Hiding in the Bathroom
Ladies, I’m here to tell you about a little something that can be done around the holidays to save your sanity. Some of you may listen to the podcast One Bad Mother, if you don’t, you should. It is basically the most down-to-earth, hilarious take on parenthood you’re going to get. Something the hosts have discussed multiple times as a coping mechanism for the holidays is #hidinginthebathroom.
It has become a hashtag sensation this time of year and for good reason. Moms, we know how it is. The stress and hoopla of the holidays. You’ve got family, you’ve got cooking, you’ve got a house to maintain, presents to buy, children to chase after. On Christmas day when your kids are bouncing off the walls, your in laws are commenting on the burned crust of your pumpkin pie, and your dog has decided to eat half the Christmas tree and then puke in your bed, there’s #hidinginthebathroom.
It’s a simple concept, and pretty self-explanatory. If you need a break (and when don’t we need a break) you announce that you need to use the bathroom… and then you stay in there as long as you think you can get away with it. This can also be used in instances when there’s a new baby and way too many hands trying to reach for your little bundle who is having a break down and can’t stand the stimulation. A baby is an excellent prop for excusing oneself to the guest bedroom to ‘nurse’ or ‘soothe’ or ‘drink that glass of wine you’ve hidden under the bed’. Even if the baby is calm and well-fed, just say they’re due for a feeding and you’ll be back as soon as their done. This can buy you time for a quick baby-snuggle-cat-nap, larger glass of wine, or general meditation moment.

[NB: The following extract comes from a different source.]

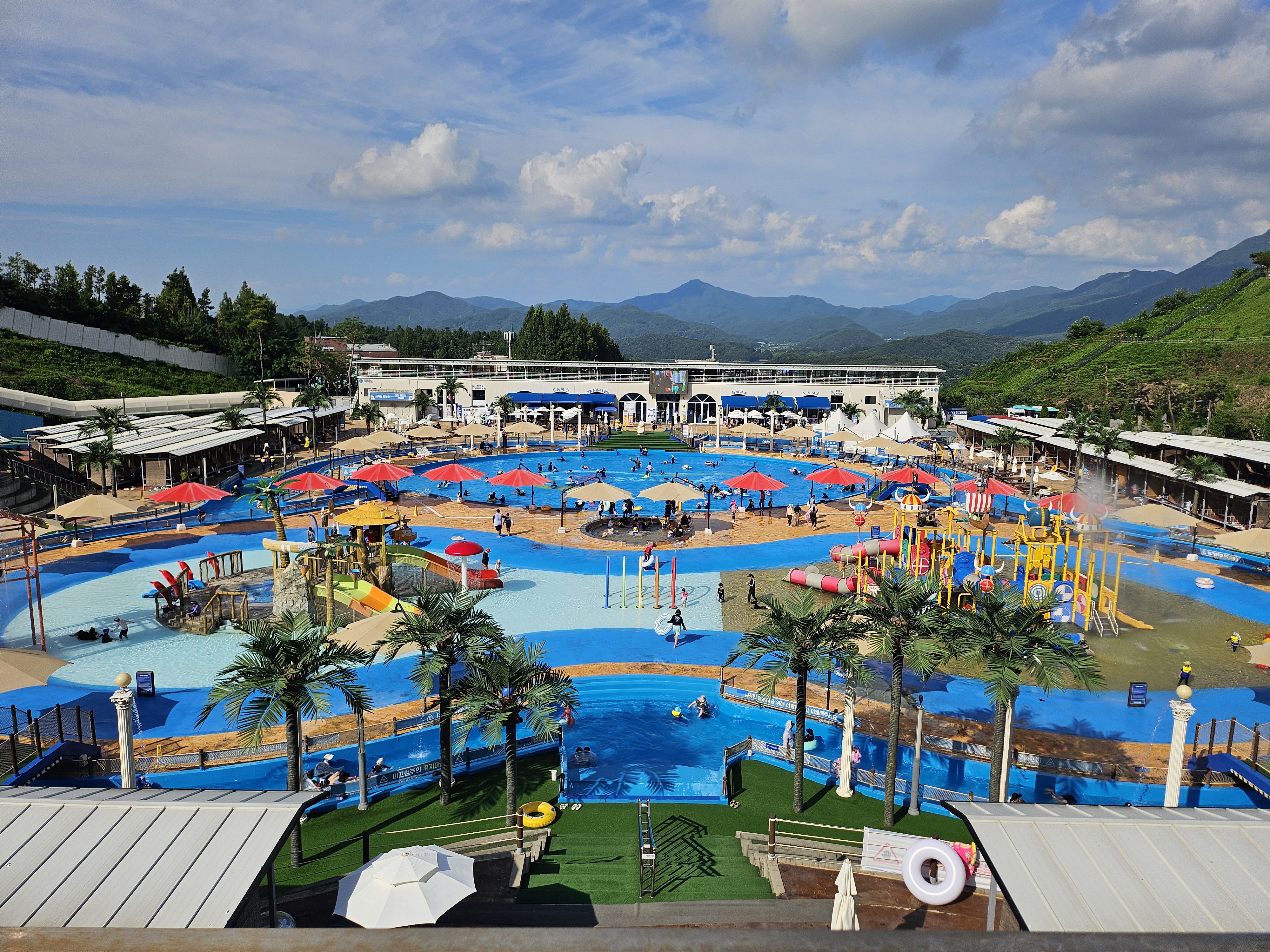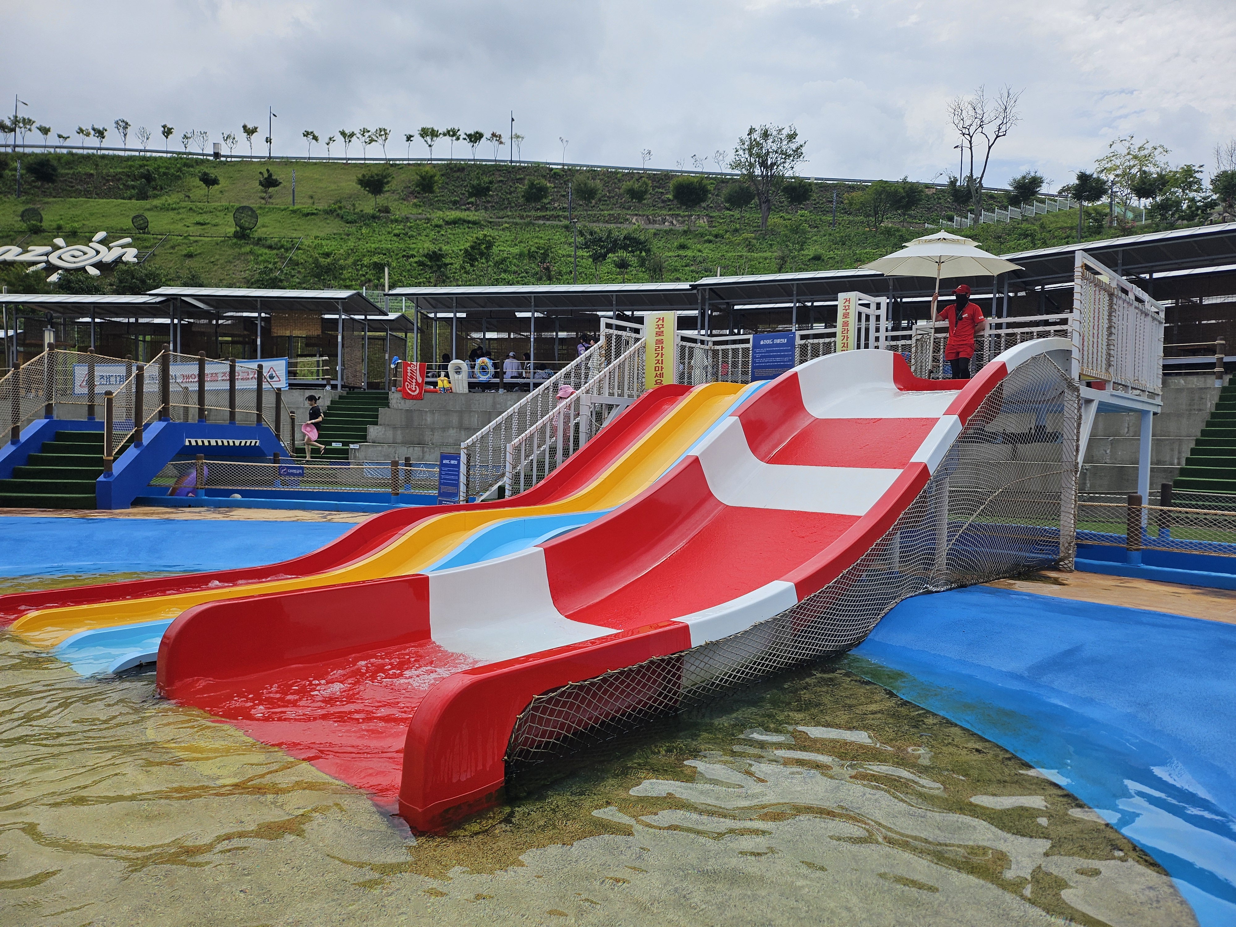 충남권에 살 때 몇몇 워터파크를 다녀왔지만 두 딸아이는 엄지 척! 하며 최고라고 표현을 해주었습니다. 특히 유수풀의 유속이 제법 빠르게 느껴져서 지루할 틈이 없었고, 다양한 풀장이 있어서 아이들이 연신 신나게 뛰어놀 수 있었습니다. 또한 DJ 공연 등이 잘 준비가 되어 있고, 끼니와 간식을 해결할 수 있는 공간들이 잘 준비가 되어있었습니다. 카바나의 공간도 좁은 것 같지 않았고 햇볕이 강하지 않은 날에는 테이블을 빌려 짐을 두고 간단한 식사를 할 수 있어 보였습니다. 전반적으로 만족감이 큰 워터파크라고 생각이 되었습니다. 하지만 한 가지 샤워시설이 좀 더 넓고 쾌적했다면... 어땟을까?라는 아쉬움이 남는 대목이었습니다.

If the bathroom is where you’ve managed to sequester yourself, just remember wine is easily hidden beneath a sink, behind a shower curtain, or under a tower of toilet paper rolls. Also, easily hidden are trashy magazines and chocolate bars. If you snap a picture of yourself to join the hashtag just make sure none of the people you’re hiding from can see it.
Bathroom hiding has been done for centuries from mothers all over the world. You’re simply engaging in an ancient tradition passed down from generations. So, stock up your bathroom or guest room with the ‘essentials’ and enjoy a little break from time-to-time. Just remember, if an in law finds your bottle of wine behind the toilet and inquires, say you’ve started using pinot as a tile cleaner. You read about it in Better Homes and Gardens.